═════ ENTRIES SUPPLIED

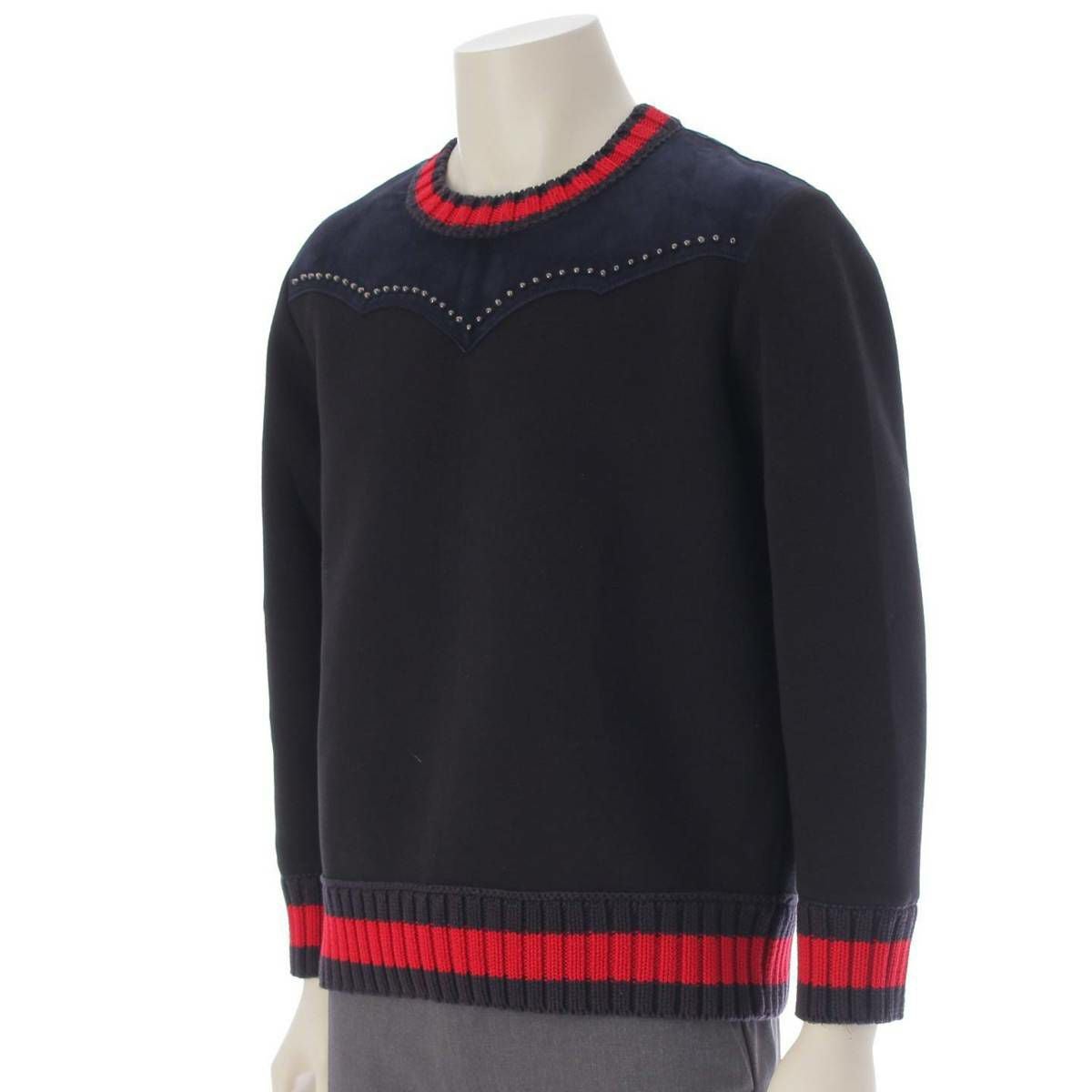 グッチ メンズ スウェット スエードレザー切替 プルオーバー 440151 ブラック ネイビー
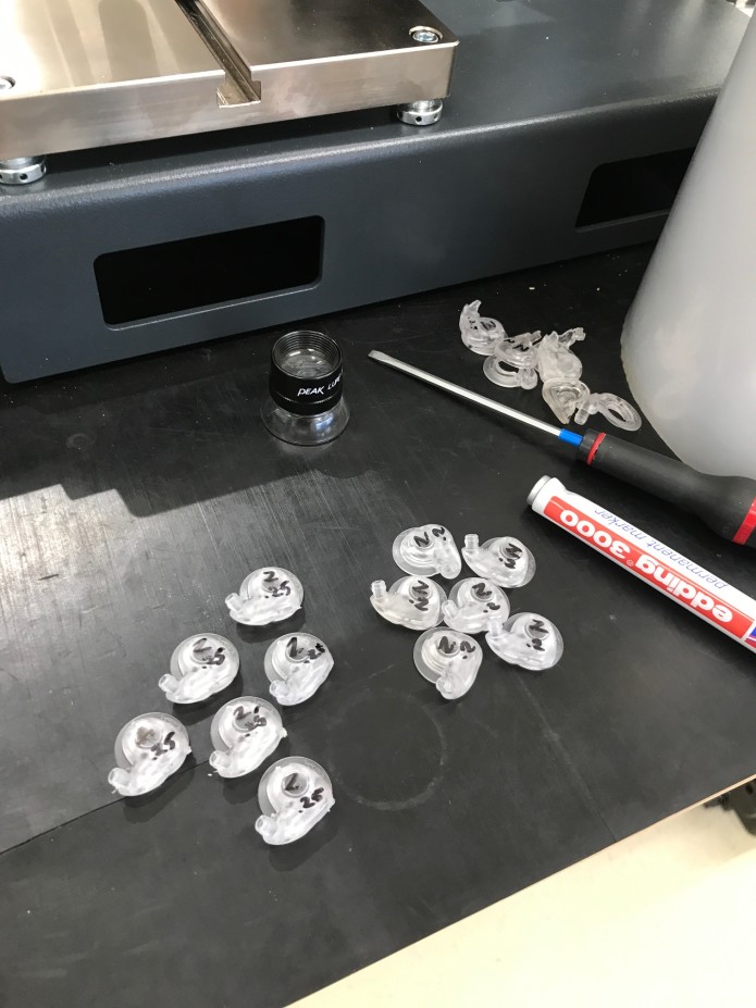 We also created lab hybrids that used both injection molded parts and rapid prototyped adjustments. This to test what changes we wanted to make and how ‘aggressive’ we could make these adjustments: change fully right away, or use some steps just to be sure to keep steel-save. We also made more advanced changes to the internals design while we were at it. In total in Holland, we have made about 4 iterations on the design.
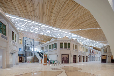 在设计实现上,省建院创新实现复杂花冠柱结构与超大跨度钢屋盖的混合体系,助力打造全国首个连续着色焊接不锈钢屋面航站楼,结合多项智慧运营技术,使装修设计巧妙融合国际风范、中国韵味和岭南特色,打造出“高效温情、智慧人性”的出行体验,使机场从“乘机中转站”蜕变为引人入胜的“好玩目的地”。
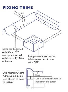 - Installation diagrams can be found in the Short Introduction Guide – Page 3 – Trims. Note edge trims should be secured to batten(s) with Matrix Trim Sealant.
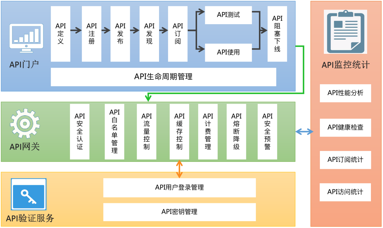 結(jié)合本項目需求和數(shù)據(jù)安全原則,規(guī)范微服務(wù)開發(fā)的業(yè)務(wù)流程,API門戶提供開放、阻塞、廢棄、銷毀等全生命周期管理功能;API網(wǎng)關(guān)提供整套安全防護手段,包括安全認(rèn)證、流量控制、防惡意攻擊、API調(diào)用質(zhì)量分析等功能,控制API的測試與使用;API驗證服務(wù)為框架提供API用戶登錄管理和密鑰管理支持;API監(jiān)控通過API網(wǎng)關(guān)提供訂閱、統(tǒng)計功能。
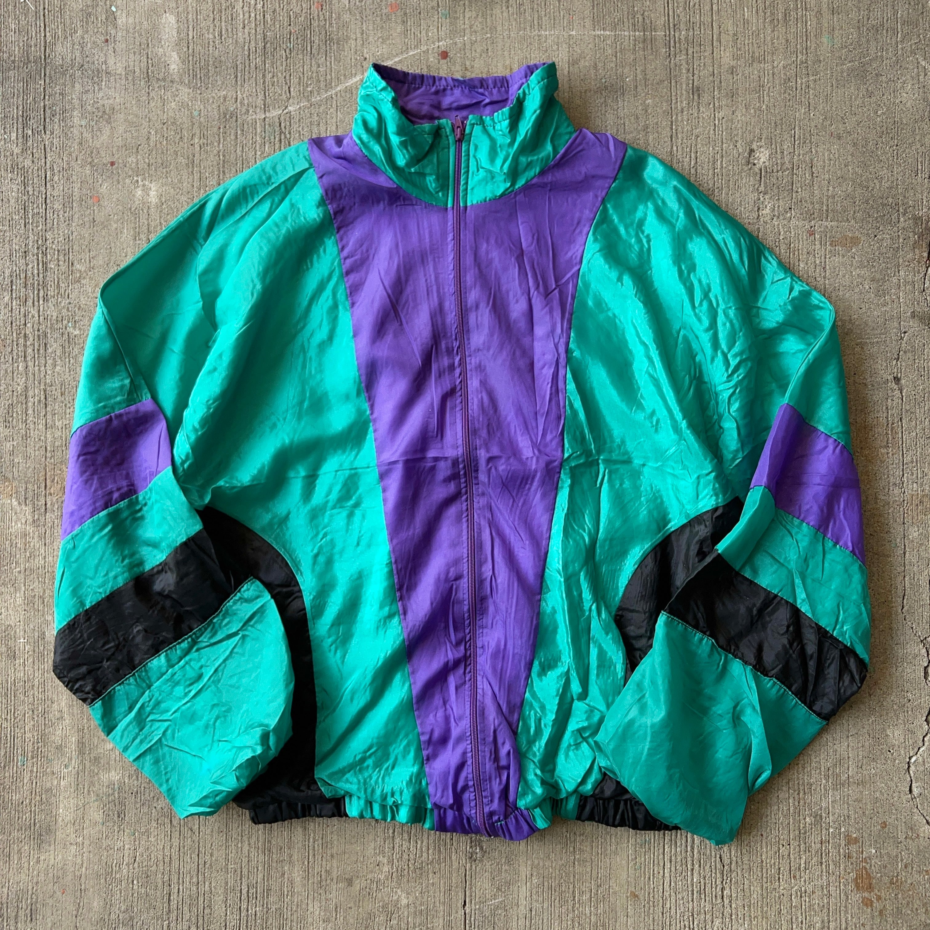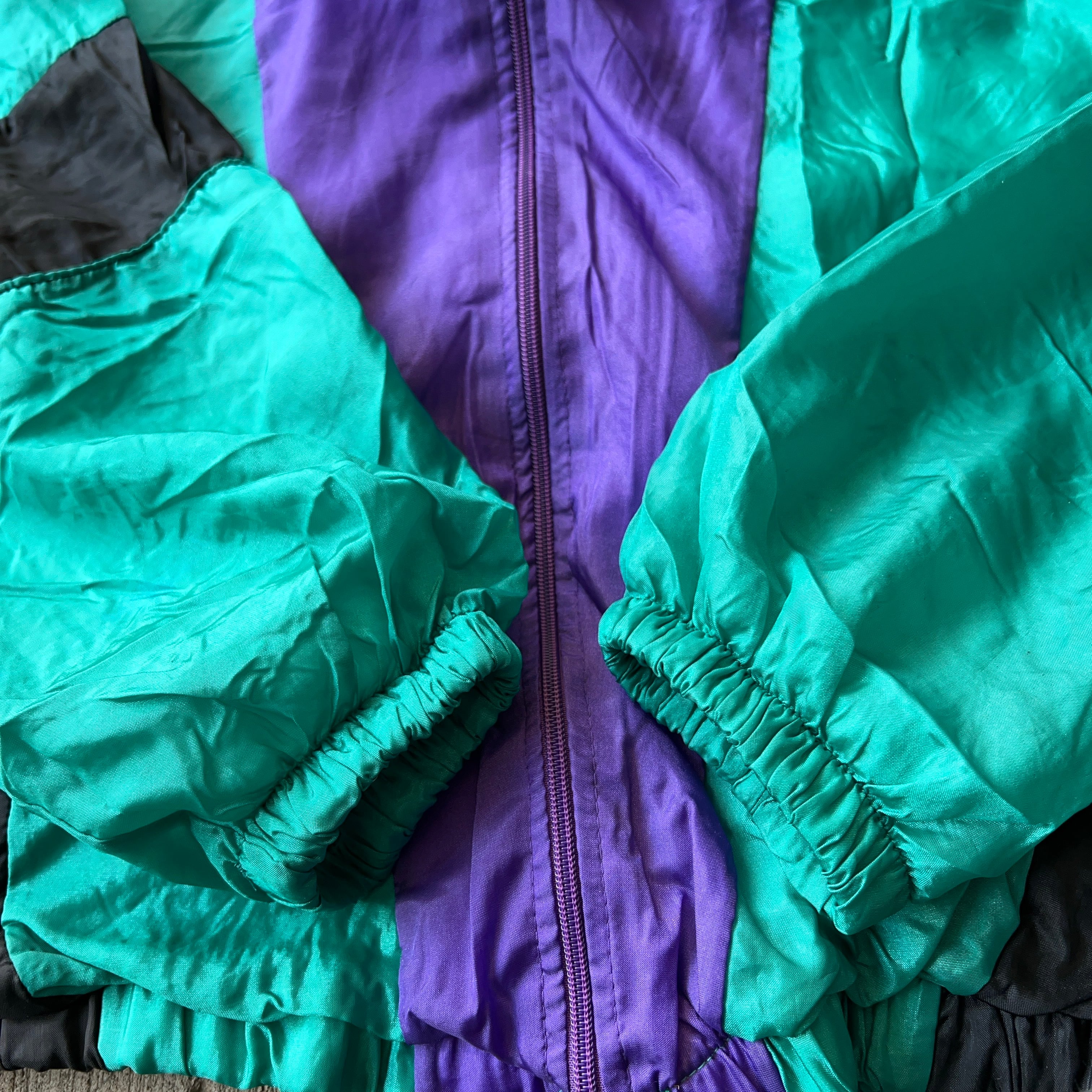 光沢感のある緑みのブルーとパープルのお洒落な配色のナイロンジャケットです。
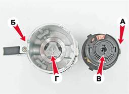 Сборка 1. Устанавливаем контактную группу замка, совмещая широкий выступ А на контактной группе с широким пазом Б на корпусе замка и при этом совмещаем паз В в торце оси контактной группы с торцовым выступом Г оси замка.
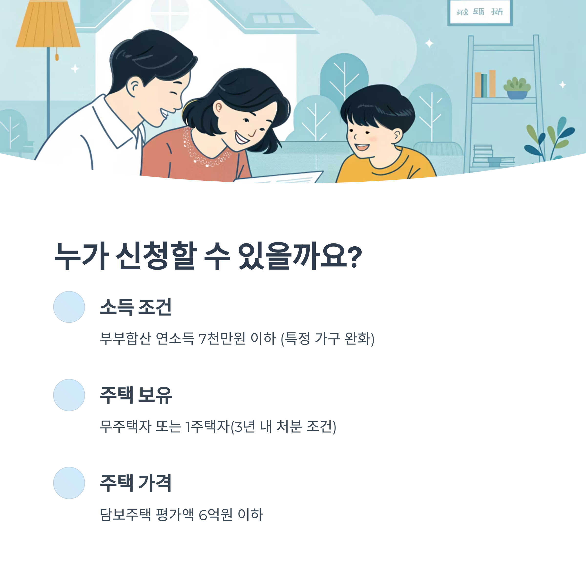 핵심 조건은 부부합산 연소득이 7천만원 이하여야 하며,
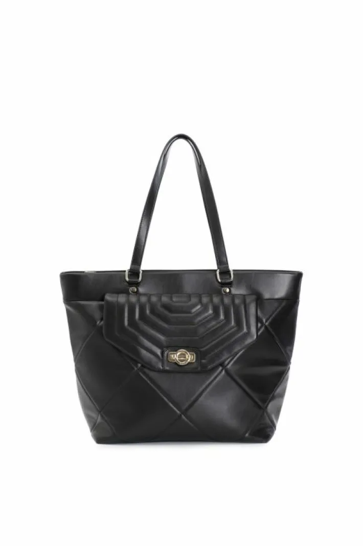 Shopping trapuntata con motivo a rombi. tasca frontale con pattina trapuntata con motivo a righe e chiusura in metallo p…
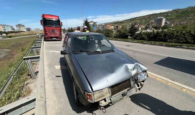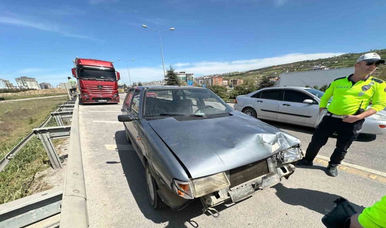 Kaza, Samsun’un Canik ilçesi İlkadım Bulvarı 200 Evler mevkisinde meydana geldi. Edinilen bilgiye göre, Yiğit S. idaresindeki 55 RJ 901 dorse plakalı tır ile Temel K.’nin kullandığı 55 BCT 43 plakalı otomobil çarpıştı. Çarpışmanın etkisiyle otomobil sürücüsü direksiyon hakimiyetini kaybederek bariyerlere çarptı. Kaza maddi hasarla atlatıldı. Polis kazayla ilgili tutanak tuttu.
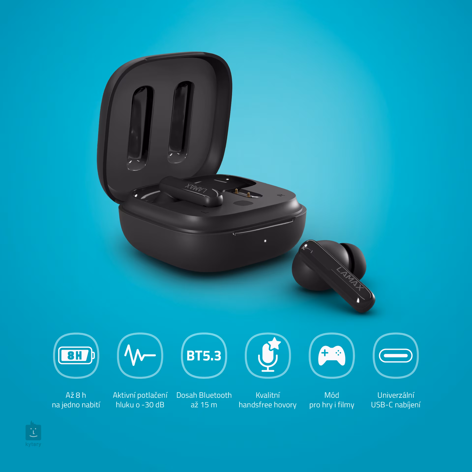 Der kabellose In-Ear-Kopfhörer LAMAX Clips1 Plus mit In-Ear-Füßen, schnellem Bluetooth 5.3, bis zu 8 Stunden Akkulaufzeit und aktiver Geräuschunterdrückung (ANC) bietet Ihnen das ultimative Hörerlebnis, wo immer Sie sind.
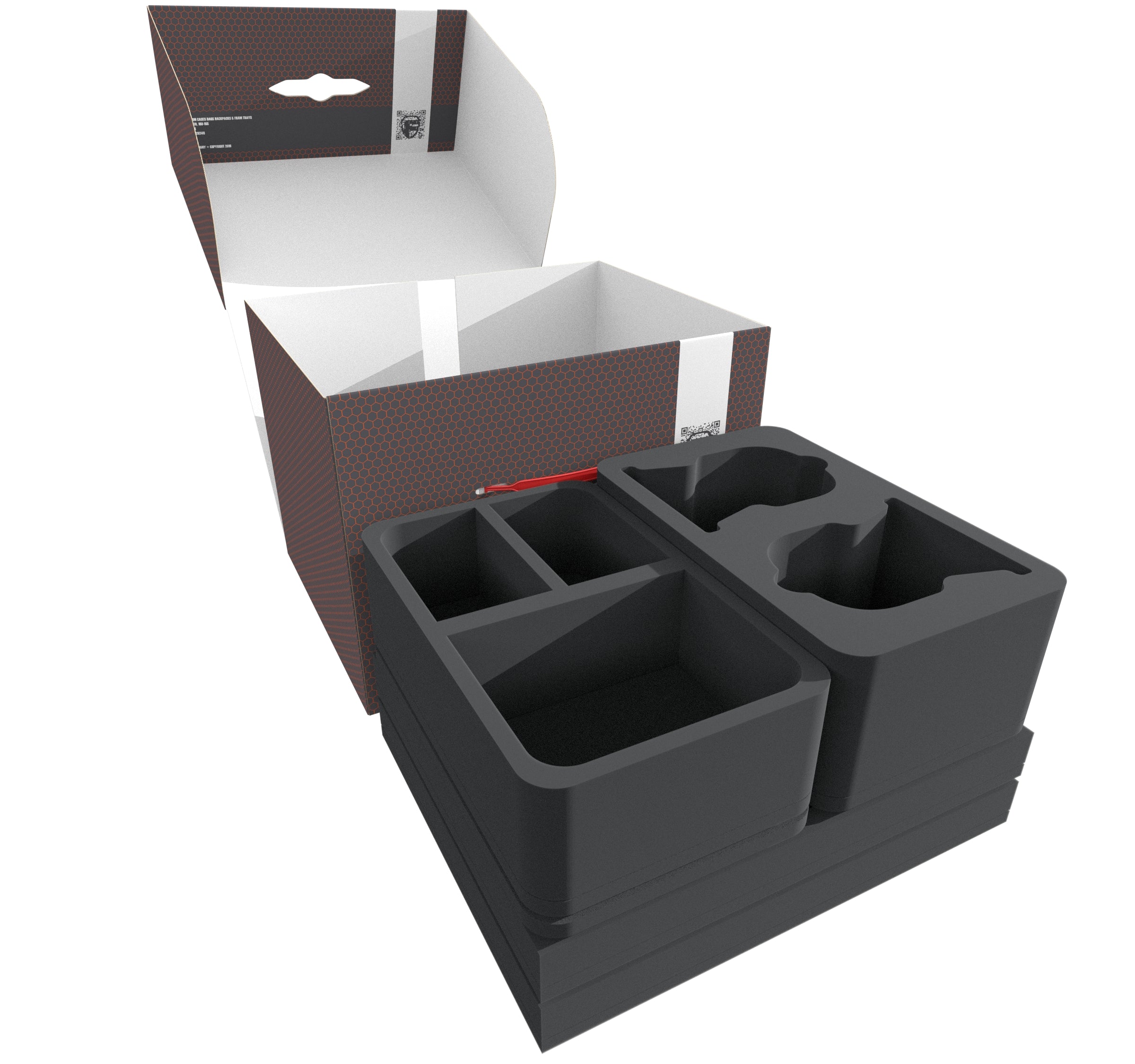 - 1 Half-Size foam tray with one miniature-specific compartment for Skorpius Dunerider, Skorpius Disintegrator + 2 additional compartments (HSMEPP085BO)
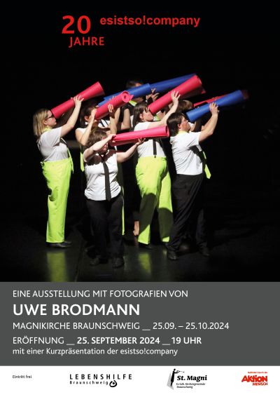 Der Braunschweiger Fotograf Uwe Brodmann begleitet die esistso!company, das Tanztheater der Lebenshilfe Braunschweig, fotografisch bei ihren Proben und Aufführungen. Seine Arbeiten dokumentieren die künstlerische Entwicklung der Company aber auch die Fortschritte der einzelnen Tänzer, seine Fotografien von diesen besonderen Menschen erhöhen die Sichtbarkeit des Ensembles in der Öffentlichkeit. Nach zwanzig Jahren ist die esistso!company aus der Braunschweiger Kulturszene nicht mehr wegzudenken. Anlässlich von "20 Jahre esistso!company" ist im Chorraum der Braunschweiger Magnikirche eine Auswahl von großformatigen Fotografien zu sehen.
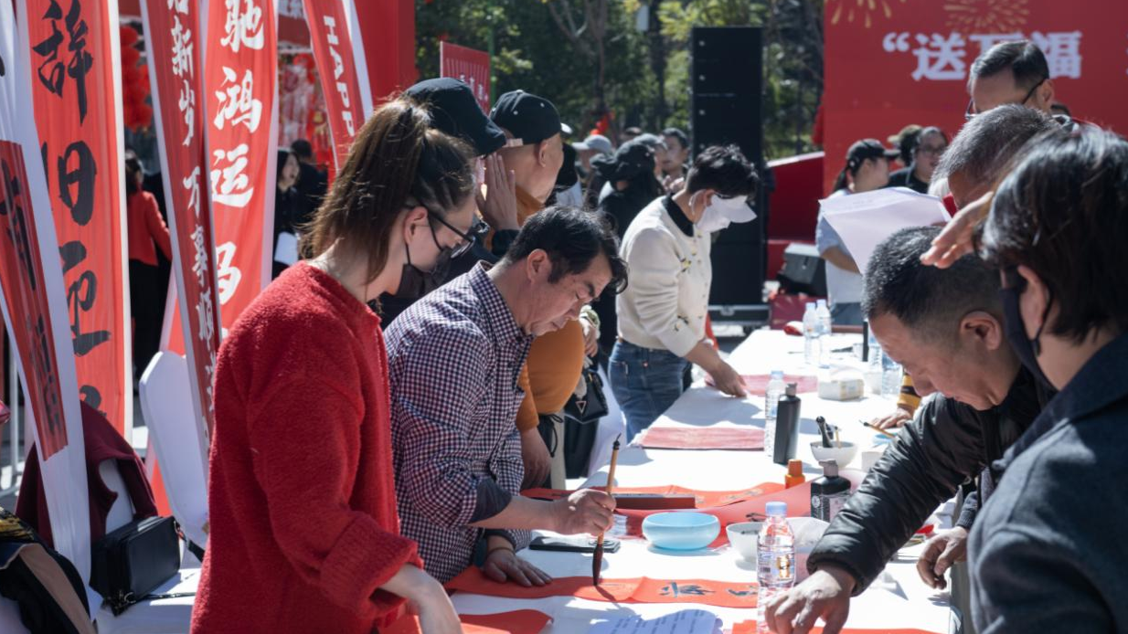 省內(nèi)書法家、非遺傳承人現(xiàn)場揮毫,為群眾送上新春祝福。
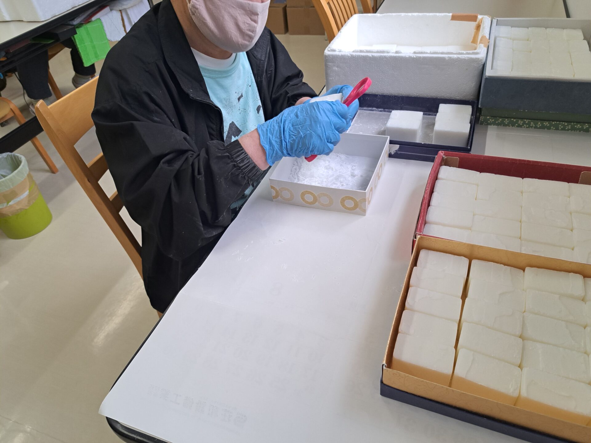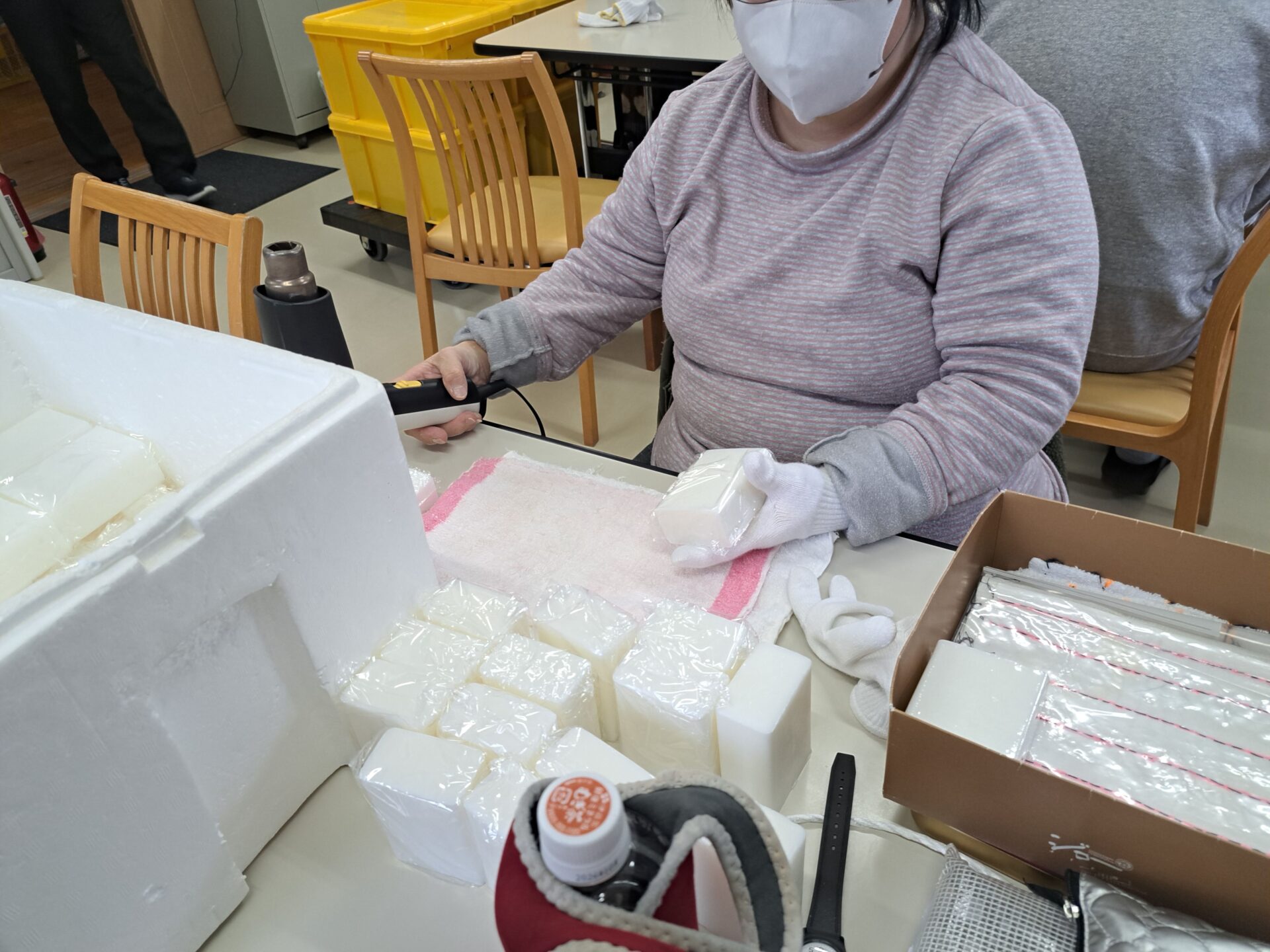 加工班はゆぽかからシャンプーの空箱到着~がんばるぞ!」

══════════

• AIM OF THE TASK:
Copy the lines above exactly, starting at the one with "光沢感のある緑みのブルーとパープルのお洒落な配色のナイロンジャケットです。" and ending at the one with "Der kabellose In-Ear-Kopfhörer", both included. Leave out any pictures and add nothing else.

• EXERCISE OUTPUT:
 光沢感のある緑みのブルーとパープルのお洒落な配色のナイロンジャケットです。
 Сборка 1. Устанавливаем контактную группу замка, совмещая широкий выступ А на контактной группе с широким пазом Б на корпусе замка и при этом совмещаем паз В в торце оси контактной группы с торцовым выступом Г оси замка.
 핵심 조건은 부부합산 연소득이 7천만원 이하여야 하며,
 Shopping trapuntata con motivo a rombi. tasca frontale con pattina trapuntata con motivo a righe e chiusura in metallo p…
 Kaza, Samsun’un Canik ilçesi İlkadım Bulvarı 200 Evler mevkisinde meydana geldi. Edinilen bilgiye göre, Yiğit S. idaresindeki 55 RJ 901 dorse plakalı tır ile Temel K.’nin kullandığı 55 BCT 43 plakalı otomobil çarpıştı. Çarpışmanın etkisiyle otomobil sürücüsü direksiyon hakimiyetini kaybederek bariyerlere çarptı. Kaza maddi hasarla atlatıldı. Polis kazayla ilgili tutanak tuttu.
 Der kabellose In-Ear-Kopfhörer LAMAX Clips1 Plus mit In-Ear-Füßen, schnellem Bluetooth 5.3, bis zu 8 Stunden Akkulaufzeit und aktiver Geräuschunterdrückung (ANC) bietet Ihnen das ultimative Hörerlebnis, wo immer Sie sind.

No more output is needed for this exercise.